UK government publishes response to AI White Paper

February 12, 2024

The UK government has published its response to its AI White Paper, which was published last year. It set out initial proposals to develop a “pro-innovation regulatory framework” for AI. The proposed framework outlined five cross-sectoral principles for the UK’s regulators to interpret and apply within their remits. The government also proposed a new central function to bring coherence to the regime and address regulatory gaps. 

The five principles were:

  • Safety, security and robustness.
  • Appropriate transparency and explainability.
  • Fairness.
  • Accountability and governance.
  • Contestability and redress.

The government says there was strong support for these principles. It says that it remains “committed to a context-based approach that avoids unnecessary blanket rules that apply to all AI technologies, regardless of how they are used. This is the best way to ensure an agile approach that stands the test of time.” 

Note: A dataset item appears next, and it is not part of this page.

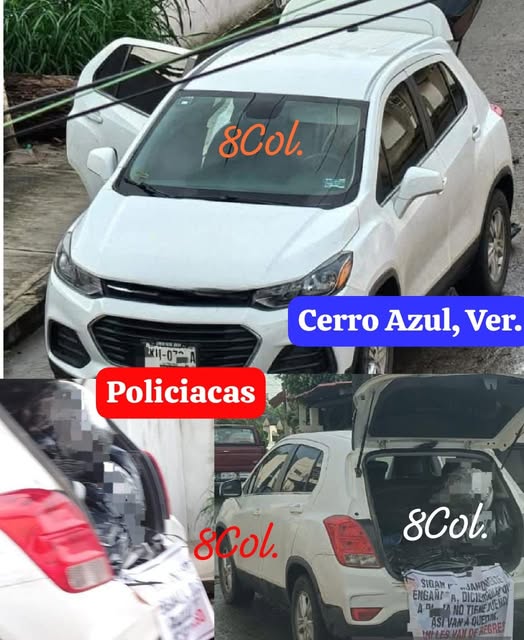 La unidad según los datos que se dieron conocer se encontraba abierta de la cajuela con una lona colgada y una leyenda dirigida a un presunto grupos delictivo, sin especificar cuál, pero refería el siguiente texto :

Since the publication of the White Paper, the CMA has published a review of foundation models to understand the opportunities and risks for competition and consumer protection and the ICO updated its guidance on how data protection laws apply to AI systems to include fairness.

The government has written to several regulators affected by AI to ask them to publish an update outlining their strategic approach to AI by 30 April. It is encouraging regulators to include:

  • An outline of the steps they are taking in line with the expectations set out in the white paper.
  • Analysis of AI-related risks in the sectors and activities they regulate and the actions they are taking to address these.
  • An explanation of their current capability to address AI as compared with their assessment of requirements, and the actions they are taking to ensure they have the right structures and skills in place.
  • A forward look of plans and activities over the coming 12 months.

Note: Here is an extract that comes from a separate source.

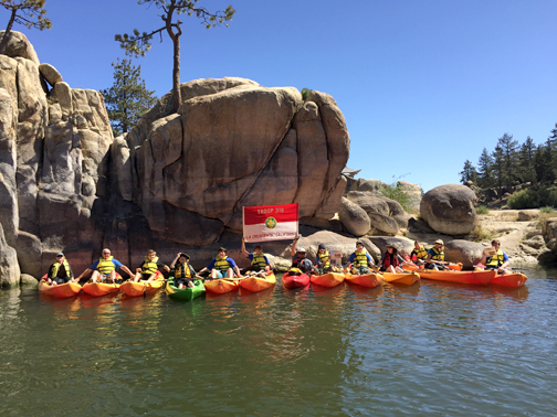 Lined up are the Boy Scouts of Troop 319 out on a Kayaking adventure on Big Bear Lake last weekend. We headed up on Saturday where we put in a full day of trail building. On Sunday it was our time to relax by taking a self guided kayaking tour from Boulder Bay down to the dam and back. It was an absolutely gorgeous weekend and a great time was had by all !

The government also proposed an AI central function. It says it has started developing the central function to support effective risk monitoring, regulator coordination, and knowledge exchange. It has also published guidance to support regulators to implement the principles effectively.

The government highlights three broad categories of AI risk: societal harms; misuse risks; and autonomy risks.  

Societal harms

  • Preparing UK workers for an AI enabled economy – there will be guidance on the use of AI in HR and recruitment. In addition, it will publish a skills framework later this year, as well as funding AI-related courses.
  • Enabling AI innovation and protecting intellectual property – creative industries and media organisations have particular concerns regarding copyright protections in the era of generative AI. The Intellectual Property Office convened a working group made up of rights holders and AI developers on the interaction between copyright and AI. However, it is now clear that the working group will not be able to agree an effective voluntary code. The government intends to do further research and engagement in this area.
  • Protecting UK citizens from AI-related bias and discrimination – regulators such as the ICO have updated guidance.
  • Reforming data protection law to support innovation and privacy – the Data Protection and Digital Information Bill will expand the lawful bases on which solely automated decisions that have significant effects on individuals can take place.
  • Ensuring AI driven digital markets are competitive – the CMA has carried out an initial study and the Digital Markets, Competition and Consumers Bill aims to give it the tools it needs to regulate digital markets.
  • Ensuring AI best practice in the public sector.

Misuse risks

  • Safeguarding democracy from electoral interference – among other things, the Online Safety Act 2023 will capture specific activity aimed at disrupting elections where it is a criminal offence in scope of the regulatory framework. 
  • Preventing the misuse of AI technologies – the NCSC published guidelines for secure AI system development in November 2023. The Online Safety Act and the Product Security and Telecommunications Infrastructure Act also aim to provide regulation in this area.

Autonomy risks

  • The government has examined the case for new responsibilities for developers of highly capable general-purpose AI system. It says that while voluntary measures are a useful tool to address risks today, it anticipates that all jurisdictions will, in time, want to place targeted mandatory interventions on the design, development, and deployment of such systems to ensure risks are adequately addressed.  
  • It is also working with international partners on AI governance.